Background: Antisense peptide nucleic acids (PNAs) constitute an alternative to traditional antibiotics, by their ability to silence essential genes. Objectives: To evaluate the antibacterial effects of antisense PNA-peptide conjugates that target the gene encoding the alpha subunit (NrdA) of the Escherichia coli ribonucleotide reductase (RNR). Methods: Bacterial susceptibility of a series of NrdA-targeting PNAs was studied by MIC determination and time-kill analysis. Western-blot analysis, gene complementation and synergy with hydroxyurea were employed to determine the efficiency of NrdA-PNA antisense treatment. The effect on chromosome replication was addressed by determining the DNA synthesis rate, by flow cytometry analysis, by quantitative PCR and by fluorescence microscopy. The use of DNA repair mutants provided insight into the bactericidal action of NrdA-PNA. Results: Treatment with NrdA-PNA specifically inhibited growth of E. coli, as well as NrdA protein translation at 4 mu M. Also, the DNA synthesis rate was reduced, preventing completion of chromosome replication and resulting in formation of double-stranded DNA breaks and cell death.
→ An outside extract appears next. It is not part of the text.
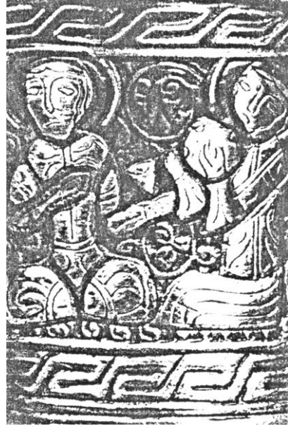
Res. 4. VAM.M.711-1910 nolu şamdan. Boyun bölümündeki 1. sahne.
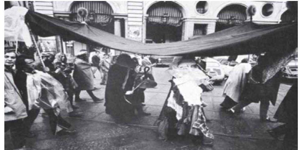
Michelangelo Pistoletto, Teatro Baldacchino, Turin, 15.12.1968

MP: Nein, ich schreibe es nicht in Graz, aber ein Teil davon wird hier erzählt. Das Manifest besagte, dass es mittlerweile unerlässlich ist, sich in den verschiedenen Bereichen des sozialen Lebens zu engagieren, will man dem Konzept der Macht einen neuen Sinn verleihen. Der Kunst genug Macht zu verleihen, das System der Macht zu ändern. Das ist das grundlegende Prinzip. Alle sagten, „Oh, tolle Idee, bravo, aber das ist reine Utopie.“ Letztendlich aber, ganz langsam, führte Cittadellarte diese Idee aus der Utopie heraus. Und jetzt sind wir in der Realität verwurzelt. Und ich denke, diese Schau hier zeigt, dass diese Realität Bestand hat, nicht nur wegen Cittadellarte, sondern weil rund um die Welt in diesen letzten zwei Jahrzehnten so viele Dinge passiert sind und so viele Künstler einen Weg in Richtung Veränderung eingeschlagen haben. Diese Ausstellung präsentiert eine begrenzte Anzahl dieser Aktivitäten, doch ich bin mir sicher, wir könnten eine Schau wie diese inszenieren, die sich auf die ganze Stadt ausdehnte, so viele ähnliche Aktivitäten gibt es innerhalb der Dimension der Veränderung. Künstler übernehmen so viel Verantwortung,

Conclusions: These data present subunits of the NrdAB RNR as a target for future antisense microbial agents and provide insight into the bacterial physiological response to RNR-targeting antimicrobials.

Automated summary

The study showed that NrdA-PNA specifically inhibited the growth of E. coli and NrdA protein translation, as well as reducing DNA synthesis rate, leading to incomplete chromosomal replication, double-stranded DNA breaks, and cell death. The results suggest that targeting the NrdAB RNR subunits with antisense PNAs could be a promising approach for developing microbial agents, while also providing insights into bacterial responses to RNR-targeting antimicrobials.